CPU new features enabled in Linux kernel -

if cpu has new features, how linux kernel handle ? remembered, pae not need rebuild entire system , linux seems installing driver , things work.

say, if cpu provides more execution modes, need rebuild entire system?

if so, why pae not need rebuild while 1 may need?

the types of new features linux kernel support without rebuilding kernel depend on instruction set , nature of features. since x86 provides direct means save processor state (as indicating how state exists), features add application-level state used new kernel.

some isas provide software layer can independent of operating system; example, alpha had pal (privileged architecture library). such layer can abstract hardware operating system (somewhat how bios used), allowing operating system use software perform implementation-specific operations.

obviously without isa-specified interface, linux extended support use of module provide similar abstraction. because linux open source there less incentive provide such interface, though there might advantage having single system image multiple system specializations. in principle dynamic kernel patching provide broader range of extensions, though intended critical (security/reliability-oriented) updates. generally, if 1 changing hardware, 1 rebooting , can update software.
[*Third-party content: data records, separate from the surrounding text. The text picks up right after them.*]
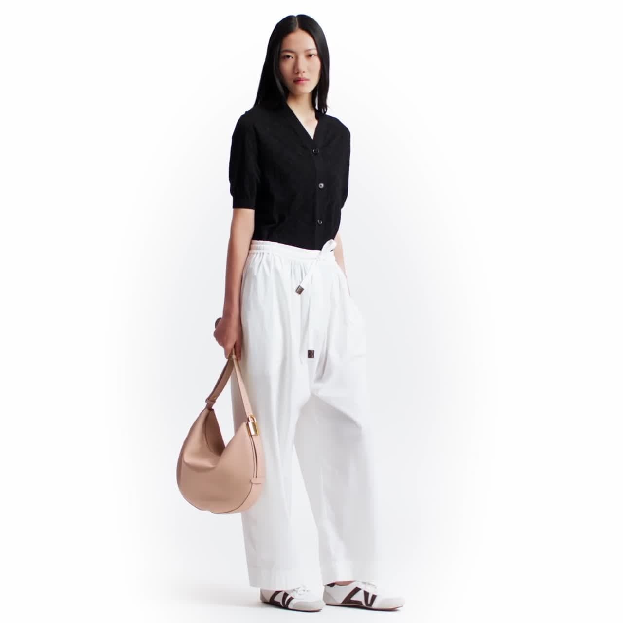 This cardigan has breezy warm-weather appeal in a straight, short-sleeved shape. It is spun from a fine wool-blend knit that is delicately signed all over with a perforated Mahina Monogram motif, while tone-on-tone ribbing frames the look. The button front fastens to a chic V-neckline.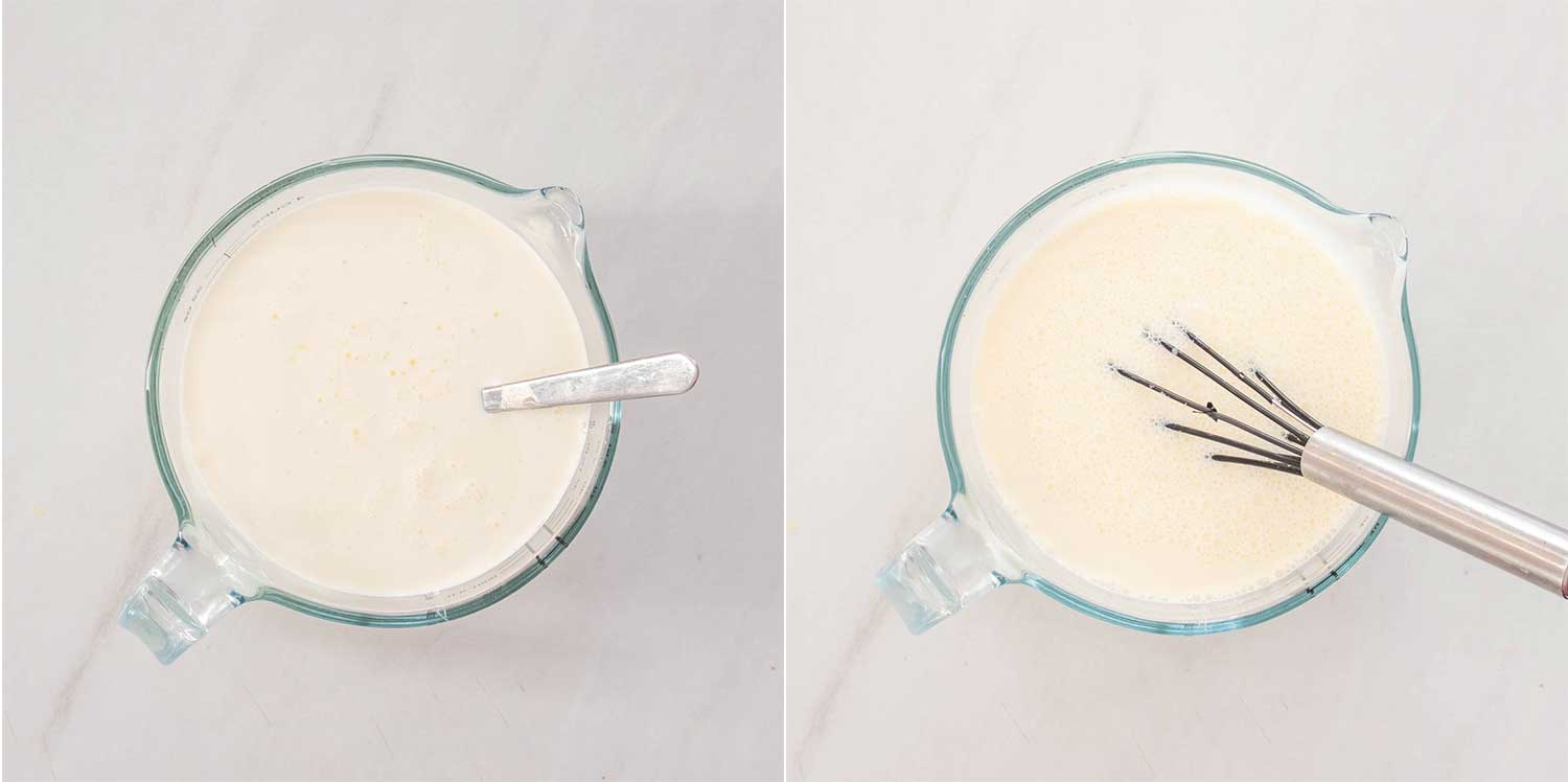 - Amesteca laptele, smantana lichida, laptele condensat si vanilia pana devine omogen.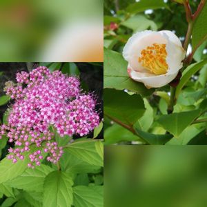 こんばんはー! 家の庭から… 夏椿(シャラノキ) シモツケ(下野) 💠咲いてきました~!🎶😄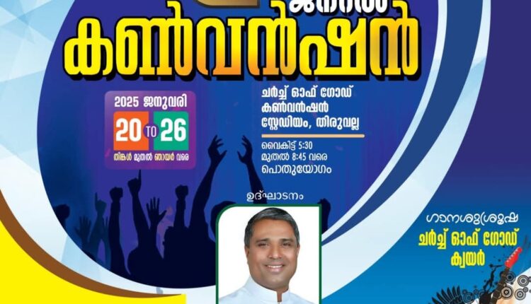 തിരുവല്ല: ചർച്ച് ഓഫ് ഗോഡ് ഇൻ ഇന്ത്യയുടെ 102 – മത് തിരുവല്ലാ ജനറൽ കൺവൻഷൻ 2025 ജനുവരി 20 മുതൽ 26 വരെ തിരുവല്ല, രാമൻചിറ കൺവൻഷൻ സ്റ്റേഡിയത്തിൽ നടക്കും.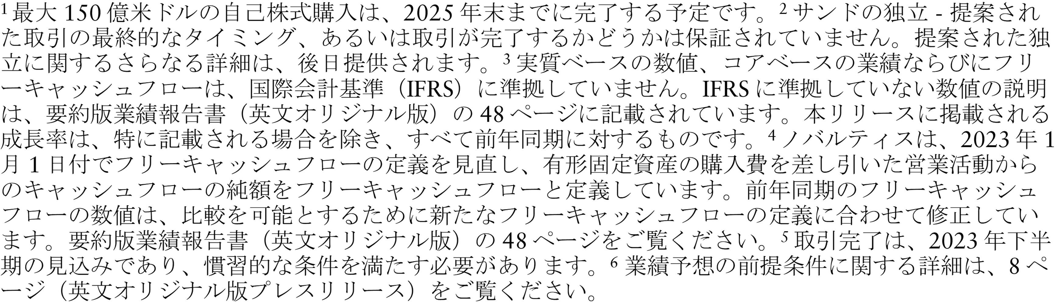 2023年7月中旬の為替レートが2023年の残りの期間も継続すると仮定した場合、2023年通期での為替の影響は、売上高に対して0からマイナス1ポイント、コア営業利益に対してマイナス5ポイントとなると予想しています。業績への為替影響の予想は、ノバルティスのウェブサイトで毎月提供されています。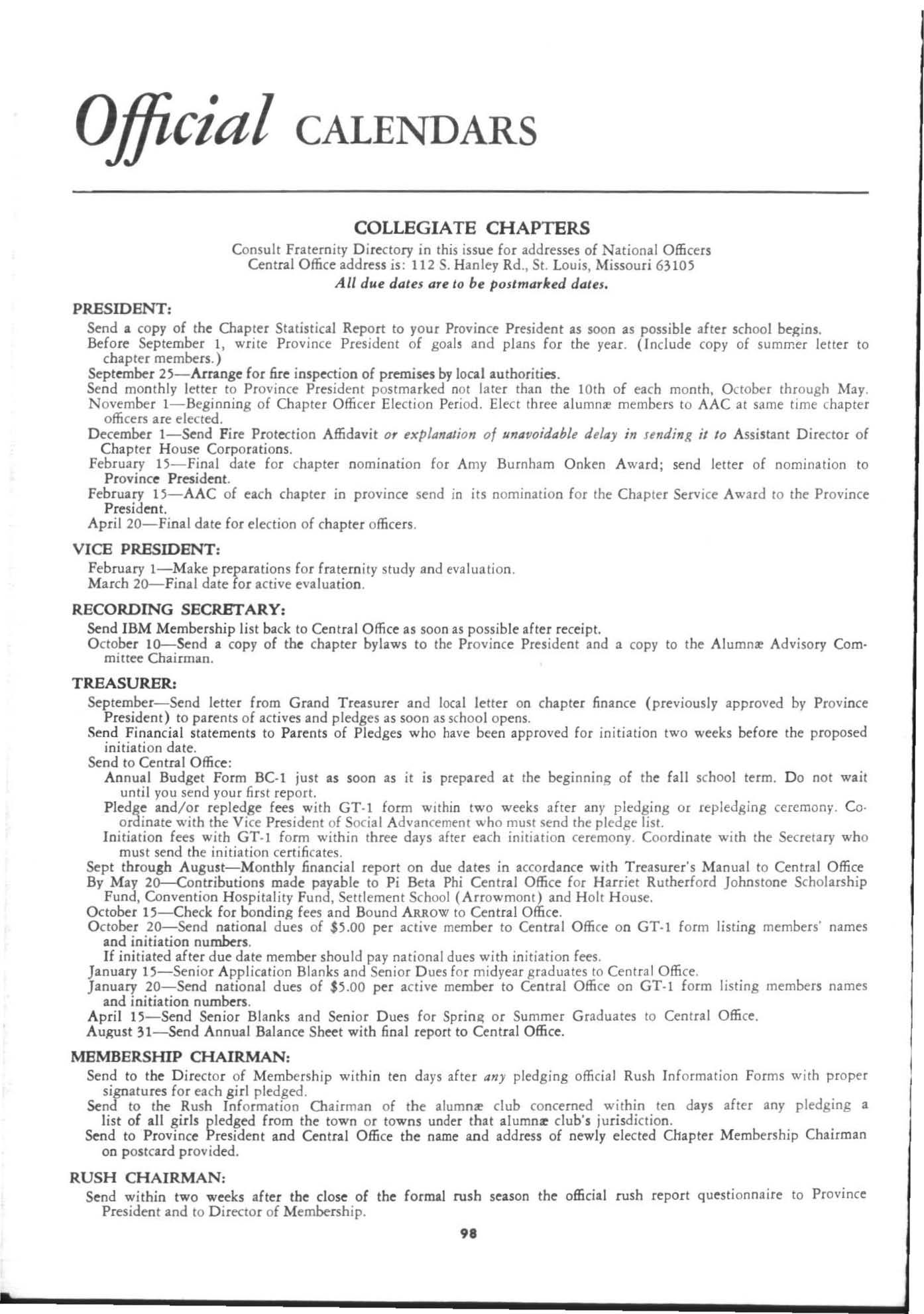 Due dates for reports are to be postmarked dates Consult Official Directory of this Issue for names and addresses of National Officers.
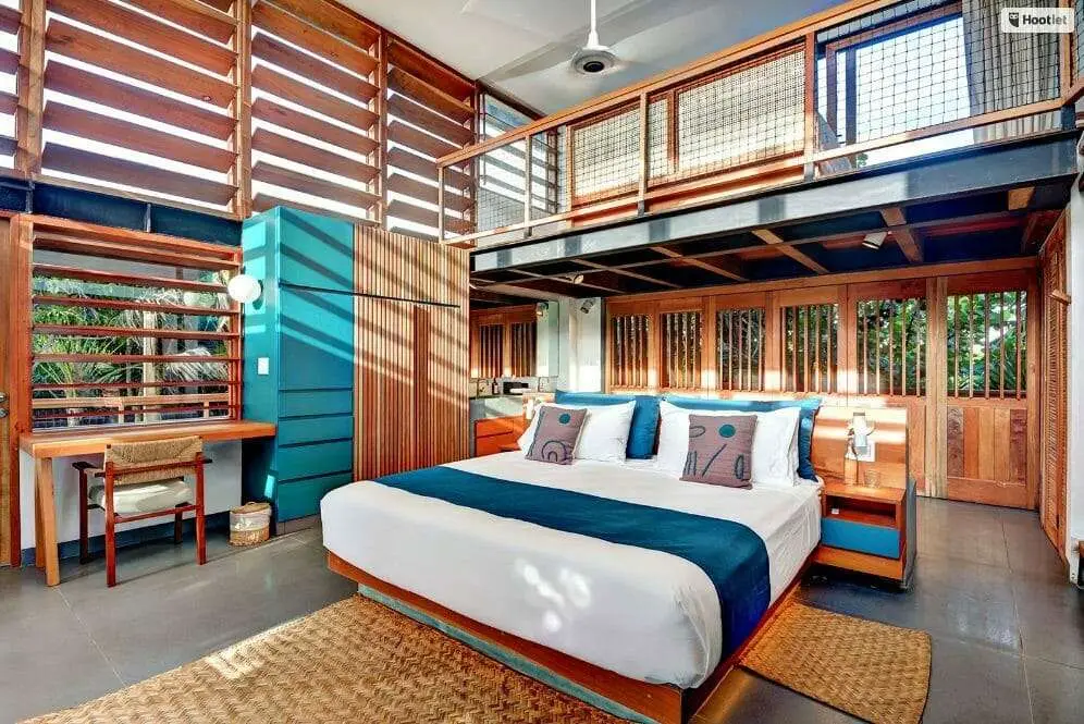 King-size bed, Queen-sized bed on the upper level, Double height ceiling, Hot tub, Ocean view, Private balcony, Wifi access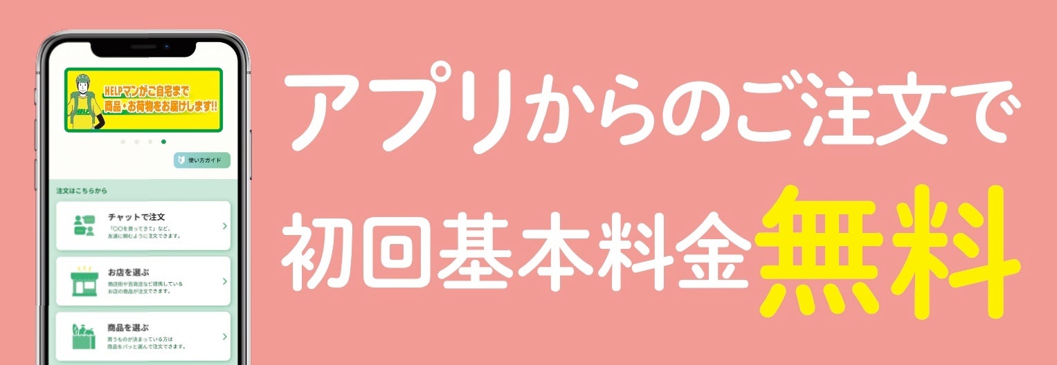 HELP!アプリのダウンロードで、初回基本料金無料クーポンを配布しているため、お客様ご指定商品の代金だけでサービスが使えます。ぜひ一度「HELP!」をお試しください!

in order use such interface, subsystems affected need know @ time of kernel compilation. if abstracting new feature existing kernel requires large abstraction layer software, using new kernel make more sense. if supporting new feature requires frequent calls , forth between abstraction layer software , existing kernel, performance tend suffer. (linux monolithic-oriented in design philosophy — preferring performance on abstraction — requiring become hypervisor layer unlikely attractive if added complexity miniscule.)

without such abstraction layer, changes add state or otherwise require new privileged operations cannot added without changing kernel. in principle, new modes require privileged enabling of mode did not add new state (e.g., mode indicator uses reserved bit kernel writes read) and safe other applications have enabled (because context switch code not modified) supported relatively simple kernel module.

for example, kernel module used support entirely new instruction encoding indicated reserved bit in page table entry of pages of code using new encoding. since change limited specific pages, no special support needed core of kernel

because pae used different page table entry format, adding support required new kernel. however, non-pae-aware subsystems upgraded support pae through kernel modules long core kernel supported pae.

new unprivileged instructions not add state or generate new types of interrupts/exceptions (that enter privileged mode), not require kernel support used application software.

(i not programmer less operating system developer, not know if linux abstracts exception handling in such way kernel module add new exception handling code. in theory, isa define larger exception handler table, reserving unused entries support future exceptions, in case, allowing module add handling of new exception type might practical. of course, if core kernel allows arbitrary interrupt handlers changed module, such interrupt — include system calls — directed module's code , call core kernel functions handle unchanged aspects. allowing module hijack kernel in manner seems inadvisable.)